Task input:
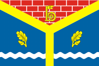 В верхней части полотнища помещён красный, мурованный белыми швами, опрокинутый равнобедренный треугольник, с основанием, совпадающим с верхним краем полотнища. Габаритная высота треугольника составляет 3/8 ширины полотнища.
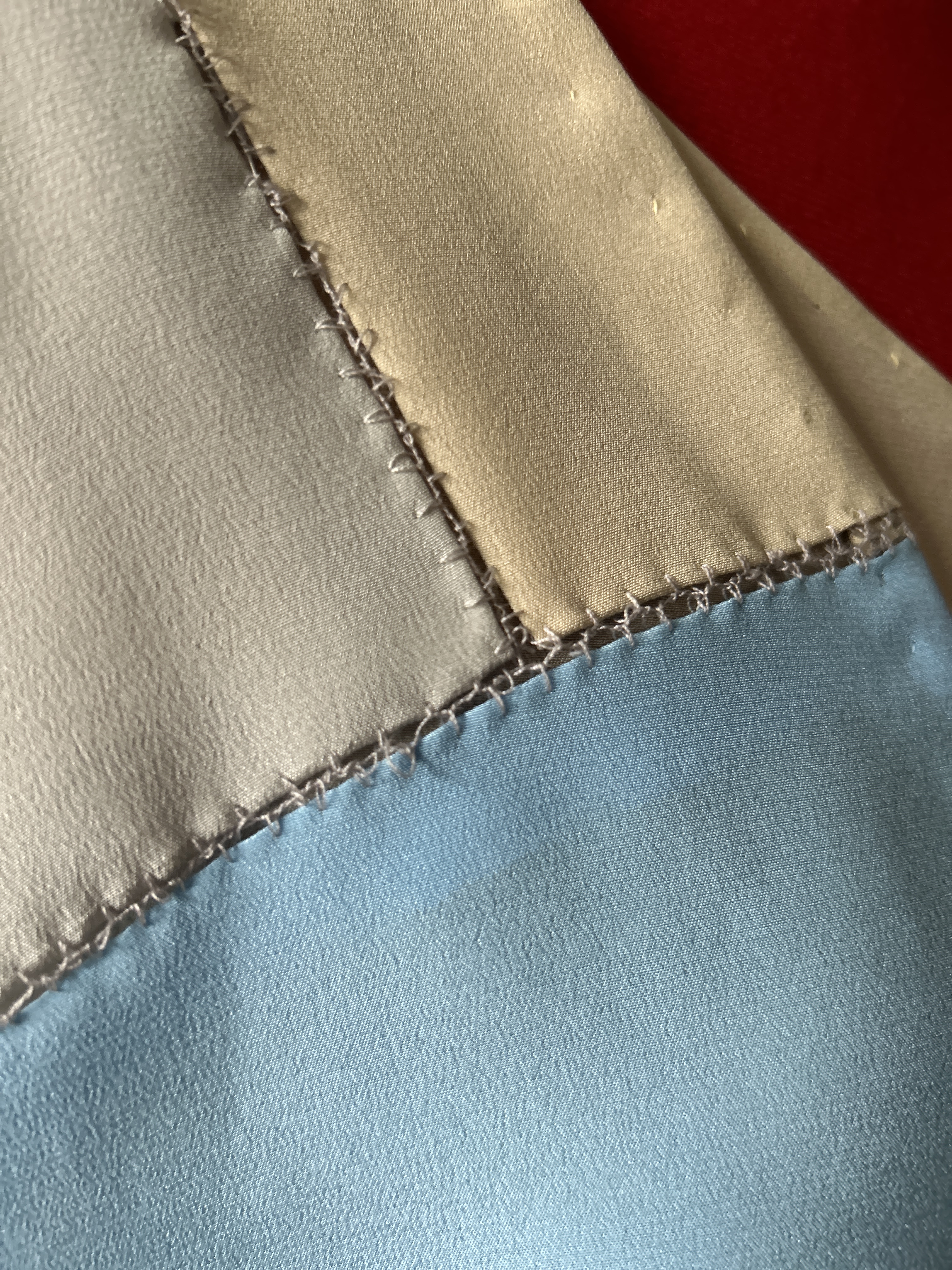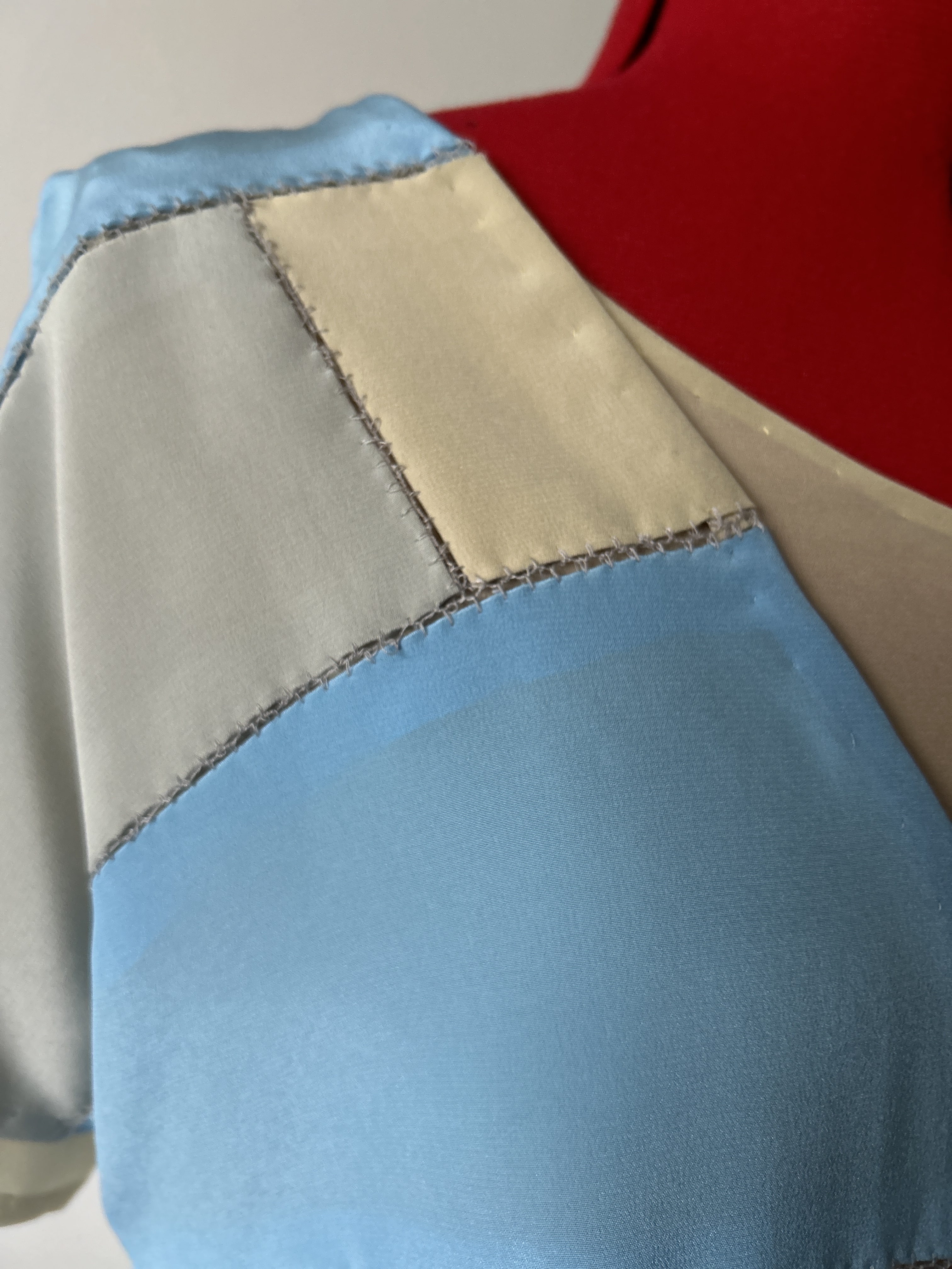 Here I present a beautiful early 1930s inspired evening dress in powder blue silk crepe back satin, that I originally designed and made for the lovely and talented Rosamund Pike.
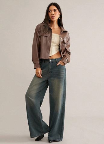 Куртка из искусственной кожи коричневого цвета. Эта куртка со спущенным плечом и длинными рукавами изготовлена из 100% искусственной кожи. Куртка имеет стандартный подол и свободный крой. Есть ложные карманы. Уход: только влажная чистка.
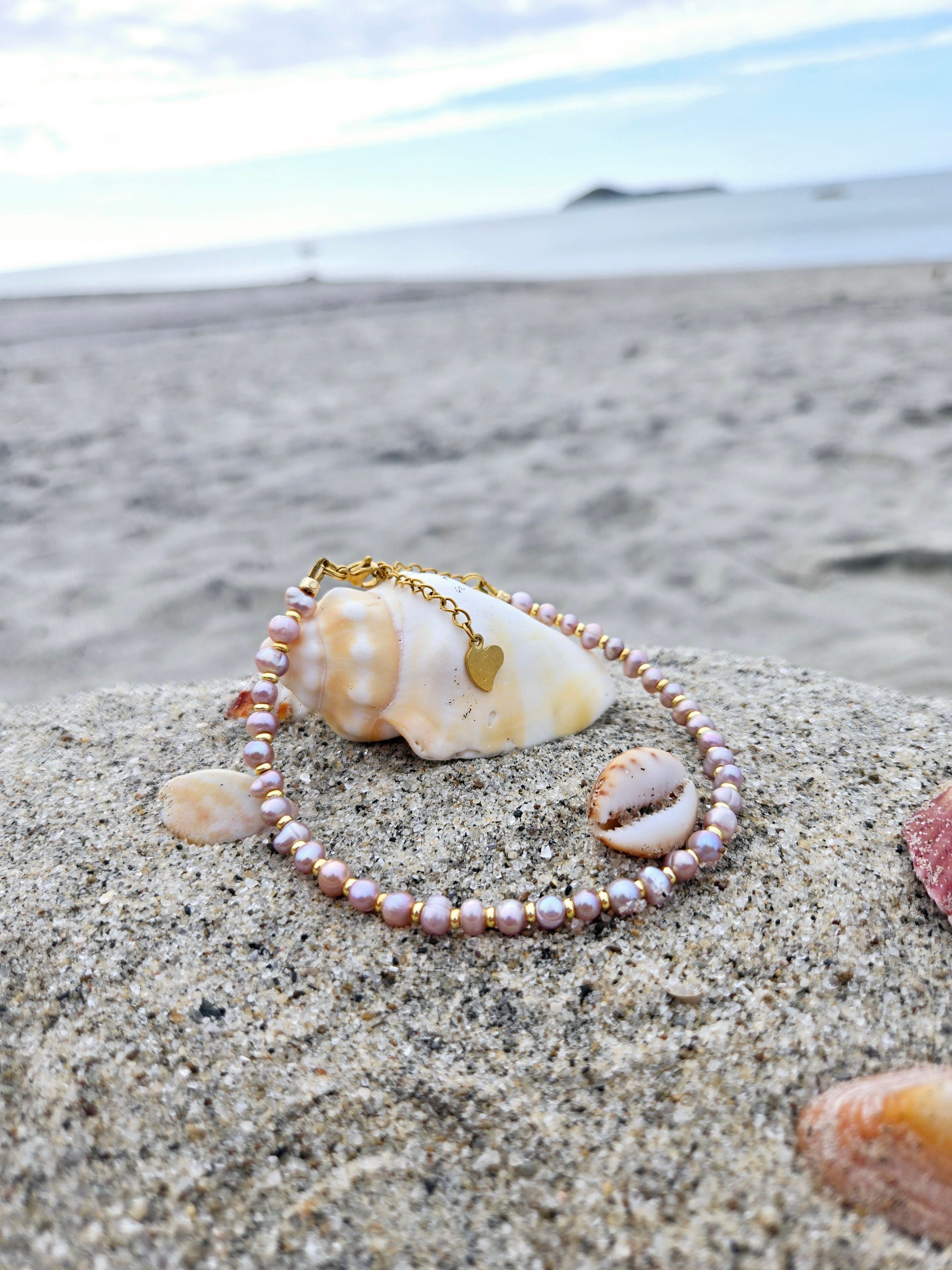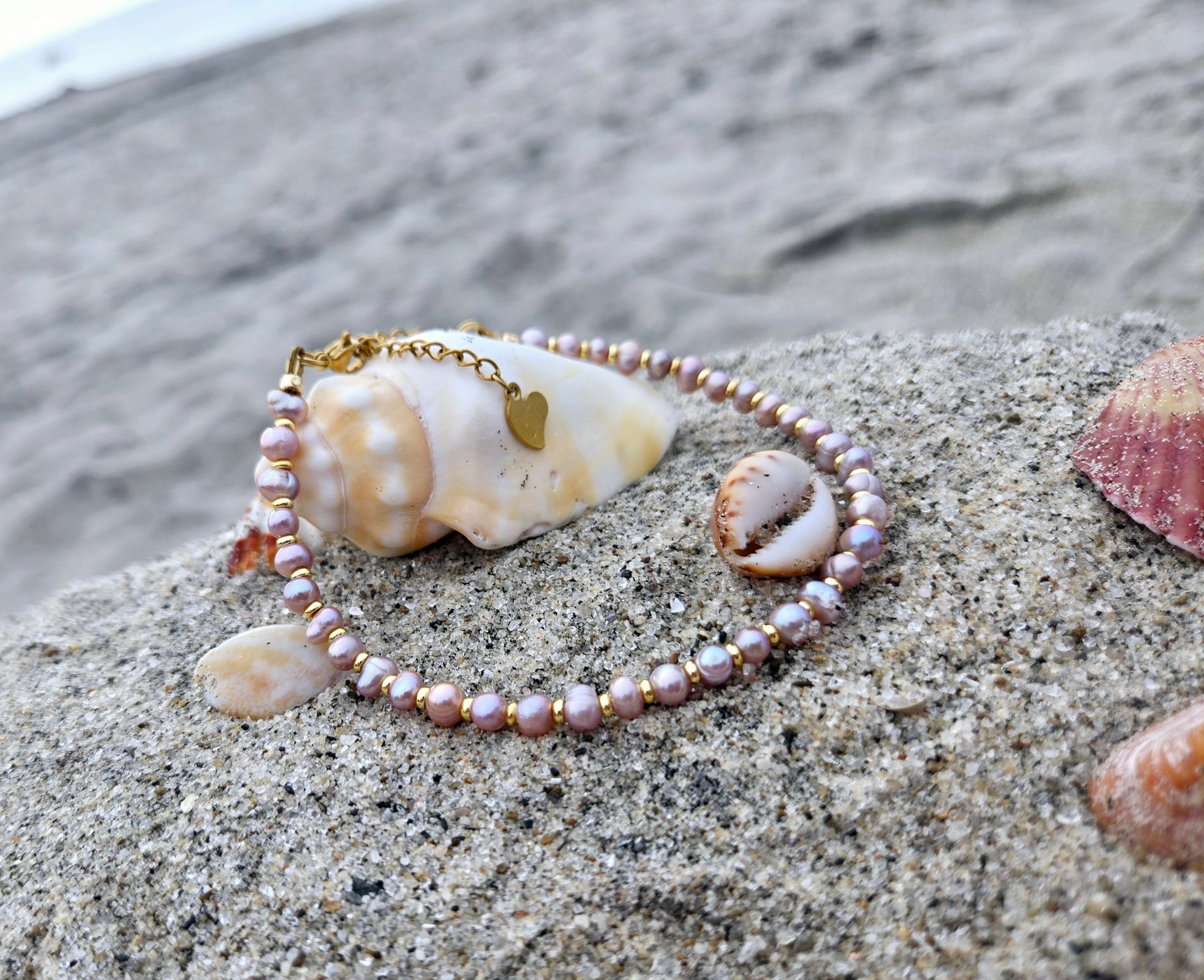 Bracelet de cheville perle d'eau douce Rose/Orangé
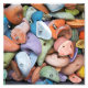 Photograph of a crate full of variously coloured rock attachments for an indoor climbing wall
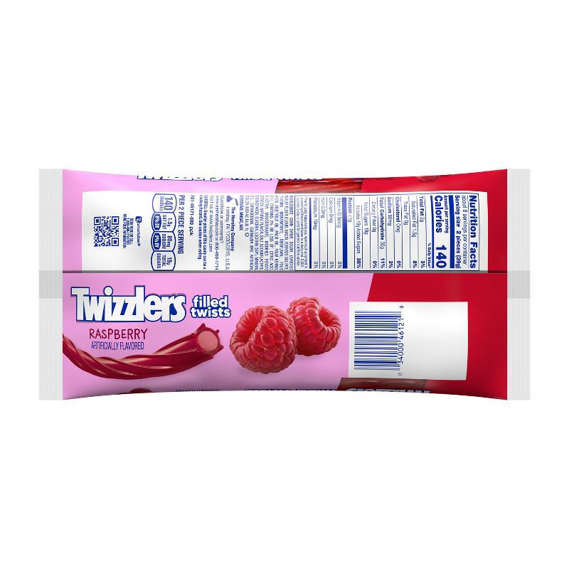 - Contains one (1) 11-ounce bag of TWIZZLERS Filled Twists Raspberry Flavored Licorice Style Chewy Candy
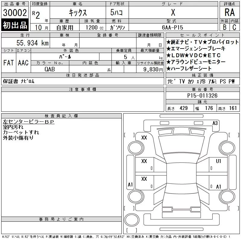 Nissan KICKS с аукциона Японии CAA Gifu лот № 30002
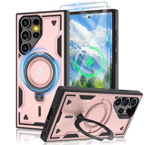 Jshru 3 in 1 Magnetic for Samsung S23 Ultra Case | S22 Ultra Case,Compatible with MagSafe | Built-in Stand | 2 Pack HD Screen Protector,Shockproof Protective Cover for Galaxy S22/S23 Ultra,Rose Gold
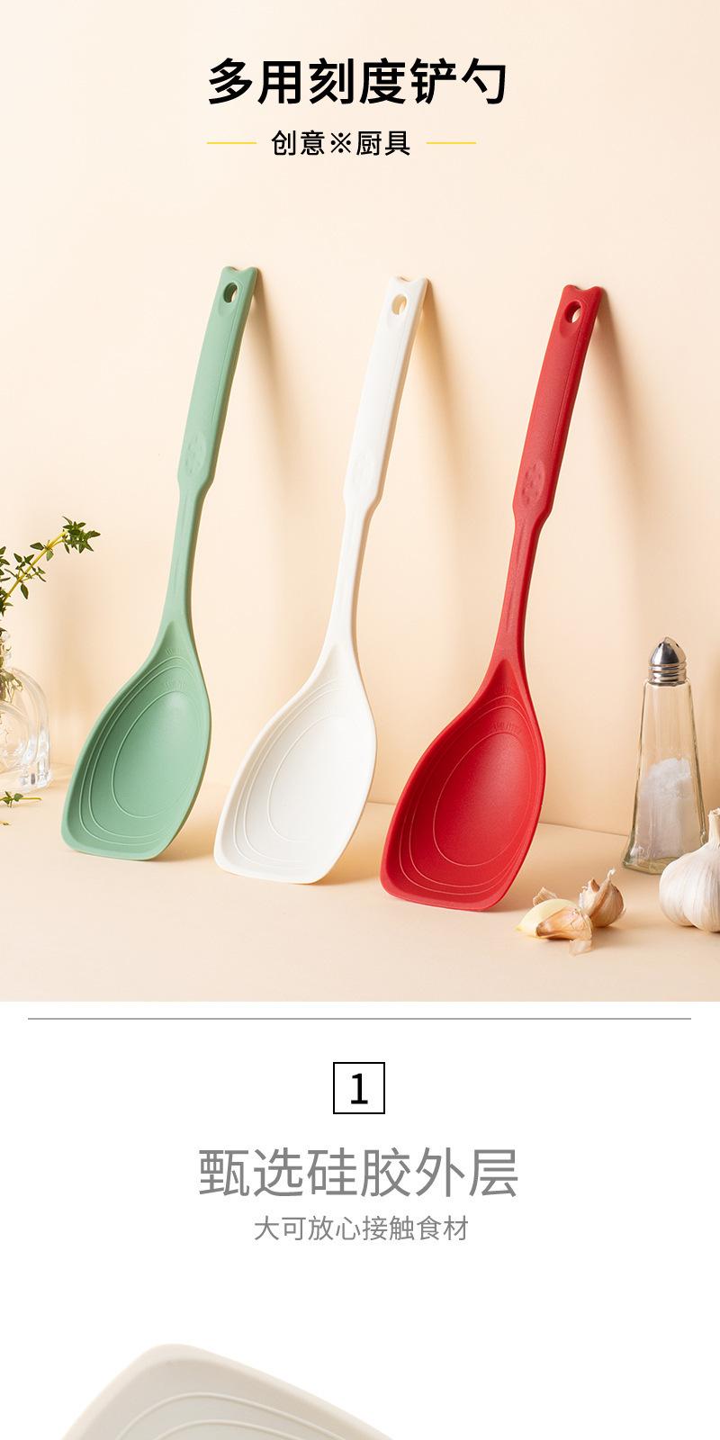 Cuchara espátula de silicona todo en uno, espátula de silicona resistente a altas temperaturas, cuchara para sopa, espátula para cocinar antiadherente con escala, cuchara para sazonar

What the task asks:
Would you set down every line of the data above exactly, skipping the pictures?

Response to this exercise:
 В верхней части полотнища помещён красный, мурованный белыми швами, опрокинутый равнобедренный треугольник, с основанием, совпадающим с верхним краем полотнища. Габаритная высота треугольника составляет 3/8 ширины полотнища.
 Here I present a beautiful early 1930s inspired evening dress in powder blue silk crepe back satin, that I originally designed and made for the lovely and talented Rosamund Pike.
 Куртка из искусственной кожи коричневого цвета. Эта куртка со спущенным плечом и длинными рукавами изготовлена из 100% искусственной кожи. Куртка имеет стандартный подол и свободный крой. Есть ложные карманы. Уход: только влажная чистка.
 Bracelet de cheville perle d'eau douce Rose/Orangé
 Photograph of a crate full of variously coloured rock attachments for an indoor climbing wall
 - Contains one (1) 11-ounce bag of TWIZZLERS Filled Twists Raspberry Flavored Licorice Style Chewy Candy
 Nissan KICKS с аукциона Японии CAA Gifu лот № 30002
 Jshru 3 in 1 Magnetic for Samsung S23 Ultra Case | S22 Ultra Case,Compatible with MagSafe | Built-in Stand | 2 Pack HD Screen Protector,Shockproof Protective Cover for Galaxy S22/S23 Ultra,Rose Gold
 Cuchara espátula de silicona todo en uno, espátula de silicona resistente a altas temperaturas, cuchara para sopa, espátula para cocinar antiadherente con escala, cuchara para sazonar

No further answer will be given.